Table 4 shows the categories of spin that occurred in preprints and their accompanying journal publications. Overall, 13 of 67 (19%) studies had changes in the type of spin present in the preprint versus the journal publication; 8 (12%) studies had at least one additional type of spin present in the preprint, 2 (3%) studies had at least one additional type of spin present in the journal publication. Inappropriate extrapolation or recommendations was the most frequently occurring type of spin in both preprints and journal publications (11/67, 16% of studies). This type of spin and inappropriate interpretation given the study design occurred more frequently in preprints than journal publications.
An example of inappropriate interpretation was found in both the preprint and journal publication for an open-label non-randomised trial: the study investigated the effect of hydroxychloroquine (and in combination with azithromycin) on SARS-CoV-2 viral load. They found a statistically significant viral load reduction at day 6; however, despite the small sample size and non-randomised study design, they concluded that their findings were ‘so significant’ and recommended that ‘patients with COVID-19 be treated with hydroxychloroquine and azithromycin to cure their infection and to limit the transmission of the virus to other people in order to curb the spread of COVID-19 in the world’.28 29 An example of inappropriate extrapolation or recommendations that occurred in both the preprint and journal publication is a study that recommended specific policy approaches that were not tested in the study: ‘The UK will shortly enter a new phase of the pandemic, in which extensive testing, contact tracing and isolation will be required to keep the spread of COVID-19. For this to succeed, adherence must be improved’.30 31 This observational study aimed to identify factors associated with individuals’ adherence to self-isolation and lockdown measures; the authors did not aim to investigate public adherence to testing recommendations or contact tracing, nor test their efficacy.
Sensitivity analysis
The mean time between preprint posting and journal article publication was 65.4 days (range 0–271) (online supplemental table S1). No preprints were posted after the revision, acceptance or publication dates for the accompanying journal publication. One preprint was posted the same date as the publication date. Discrepancies in study characteristics, outcome reporting and spin changed minimally when the analyses were conducted after removing seven studies where the preprint was posted up to 7 days before the revision, acceptance or publication dates of the journal publication (online supplemental table S2–S4).

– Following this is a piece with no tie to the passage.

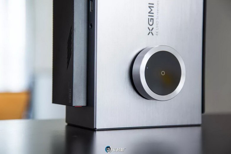 機(jī)身頂部,金屬拉絲的表面,摸上去很有金屬的質(zhì)感,以及一個(gè)既是呼吸燈又是放置 X-Remote 控制器的圓形,方與圓之間的結(jié)合,倒是有幾分靈動(dòng)感。

bmjopen-2021-051821supp001.pdf (140.8KB, pdf)
Discussion
Principal findings
Discrepancies between results reporting in preprints and their accompanying journal publications were frequent, but most often consisted of differences in content rather than a complete lack of reporting. Although infrequent, some outcomes that were not reported would have provided information that is critical for clinical decision-making, such as clinical or harm outcomes that appeared only in the journal publication. The finding that outcomes reported in journal publications were measured over a longer time frame than outcomes reported in preprints indicates that the preprints were being used to publish preliminary or interim data. Preliminary or interim findings should be clearly labelled in preprints.
Although almost half of the preprints and journal publications contained spin, there was no clear difference in the types of spin. Spin is an enduring problem in the medical literature.17 Our findings suggest that the identification and prevention of spin during journal peer review and editorial processes needs further improvement.
More preprints reported funding source, author conflicts of interest and ethics approval than journal publications. These differences may be due to the screening requirements of medRxiv, the main source of preprints in our sample. When reported in both, journal publications included more detailed information on funding source, conflicts of interest of authors, and demographics of the population studied. Journal publications also included more tables and figures, and more extensive discussion of limitations. Some of these differences may be due to more comprehensive reporting requirements of journals. Other changes, such as more information on the study population or greater discussion of limitations, may be due to requests for additional information during peer review.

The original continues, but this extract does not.